The design for this intercom system came from my high school's theater. Their original intercom system was installed in the late 1960's and was used through the 2002 school year. Through those years, the system only ever had 1 power supply - a Bogen PS-1 power supply that was manufactured in the mid-1960's and was powered continuously for over 30 years. In 2002, the school moved to a wireless system and disabled the original wired intercom, but left the power supply unplugged in the catwalks until I picked it up in October 2009. I used it as a test power supply during the install phase of my current project. I now have that power supply in my shop and it still works great for testing and repairing headsets and handsets. They just don't build stuff like they used to.


----------



## rervin

Hi have a similar system and am trying to replace it with a newer version. Have you found any source for this party line type of system? I just can't see spending 3-5K for the off-the-shelf systems that usual supplier are trying to get me to purchase. Was wondering also is you have tried to update the headsets. We have lite headsets made by eartech from a wireless system that no longer works( never did work that well but dropping the master in a mop bucket during a show finished them off :-( ) We have tried to hook them up in place of the old style telephone headsets but seem to need an amplifier????
rob


----------



## cbenjes

Rervin, this is the only type of intercom system I am familiar with, so I really can't speak to any type of modern system. From doing research, I do know that if your theater is wired with 4-wire cable, you should be able to install some type of modern system that incorporates beltpacks, but you're still talking lots of dollars per station once you get the headsets, beltpacks, master stations, power supplies, etc.

The beauty of this simple party-line set is that it is:
simple - plug them in and they work.
durable - I have headsets that are 50 years old that still work!
cheap - headsets are $85 new at Audiosears , a power supply is $35, and all you need is a 2-wire cable strung throughout the system terminated with TRS connectors.

Yeah, the old telephone operators headsets look like pictures from a Life magazine article from the 1960's, but hey, I don't have any budget to speak of, but my kids have a working intercom. Believe me, that's better then the cheap walkie-talkies they had.

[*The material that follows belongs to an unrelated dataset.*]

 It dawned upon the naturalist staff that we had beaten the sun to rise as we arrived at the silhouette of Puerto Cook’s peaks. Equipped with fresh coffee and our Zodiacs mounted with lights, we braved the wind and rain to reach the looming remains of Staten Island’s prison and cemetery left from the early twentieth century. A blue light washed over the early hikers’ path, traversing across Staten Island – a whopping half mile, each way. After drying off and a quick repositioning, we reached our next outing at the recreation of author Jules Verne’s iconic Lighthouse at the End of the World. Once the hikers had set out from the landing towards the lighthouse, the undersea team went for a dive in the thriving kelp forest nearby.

I think only these headsets work on this type of system because of the make-up of the elements in the mic/ear piece, and that you can't use newer types of headsets without amplification. These are carbon elements and it's a design that's been around since Alexander called Watson and told him that he needed him quickly.


----------



## cbenjes

Update: The school just acquired a real Clearcom headset/beltpack system. No more 1950's technology! So nice to have modern technology. I think I'll donate the WE52 headsets to the Smithsonian.


----------



## macsound

Dredging up an old thread, but thinking about the viability of making a wired telephone party line using regular phones and possibly headsets. 
Is it as simple as just having a power supply and people can pickup phones anywhere and they would just have an open line?
Thanks


----------



## BillConnerFASTC

Sounds like what we used in college. Googled and this is exactly what we had. A power supply in the basement and zip cord run through the walls and everywhere.

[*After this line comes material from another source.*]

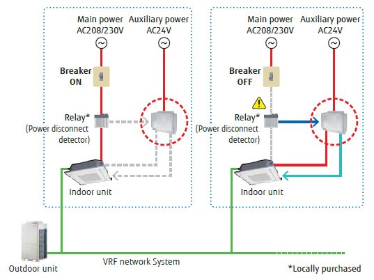 TLAV2 indoor units can be connected to an external power supply. This way, even if some of the indoor units in the system are turned off, the devices in the system can be protected by the external power supply unit.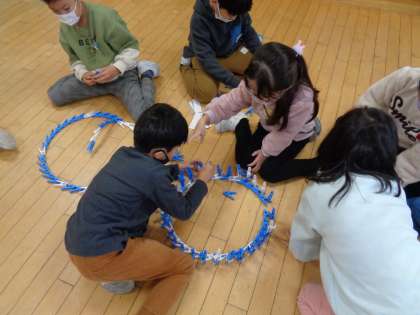 洗濯ばさみを使って、創作活動をしました。友達と集まって作ったり、一人で思いのまま作ったり、自由に創作活動を楽しみました。

http://www.oldphoneworks.com/western-electric-operators-headset.html


----------



## FMEng

BillConnerFASTC said:


> Sounds like what we used in college. Googled and this is exactly what we had. A power supply in the basement and zip cord run through the walls and everywhere.
> 
> http://www.oldphoneworks.com/western-electric-operators-headset.html



Yes, that was pretty common. A DC supply and some kind of twisted pair wire to each station. Wire the stations in parallel. Experiment with putting a pair of 300 ohm, 1 Watt resistors between the line and the power supply.


----------



## TimMc

FMEng said:


> Yes, that was pretty common. A DC supply and some kind of twisted pair wire to each station. Wire the stations in parallel. Experiment with putting a pair of 300 ohm, 1 Watt resistors between the line and the power supply.

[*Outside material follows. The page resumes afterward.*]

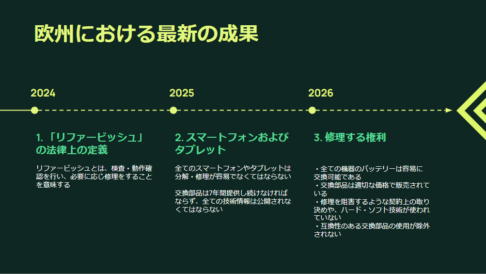 現在、製品をより長く使い続けることを可能にする修理する権利の法制化が世界中で進んでいます。Back Marketは、様々な電子機器の技術的な情報へのアクセスを可能にするべく、ヨーロッパで修理する権利の法制化に取り組んでいましたが、アメリカでもその動きを急速に広めています。そして日本でも注目を集め始めていることを受け、日本でのさらなるリファービッシュ品拡大に向けて、日本でも修理する権利のあり方を検討してまいりたいと思います。

This is where we need Granny's crank magneto wall phone... {evil laugh}


----------



## FMEng

TimMc said:


> This is where we need Granny's crank magneto wall phone... {evil laugh}


And like most things built by Western Electric, that phone would still work perfectly.


----------



## BillConnerFASTC

Just imagine a Western Electric cell phone.......
Imagine a regulated bell cell phone monopoly - we would all have service everywhere - at a multiple of the current - not service everywhere - cost.
(I like the "bell cell" name.)


----------



## RonHebbard

BillConnerFASTC said:


> Just imagine a Western Electric cell phone.......
> Imagine a regulated bell cell phone monopoly - we would all have service everywhere - at a multiple of the current - not service everywhere - cost.
> (I like the "bell cell" name.)


But you have to crank it to make a call and crank it faster to call long distance. It's likely harder to fit in your pocket without removing the crank. 
Toodleoo! 
Ron Hebbard


----------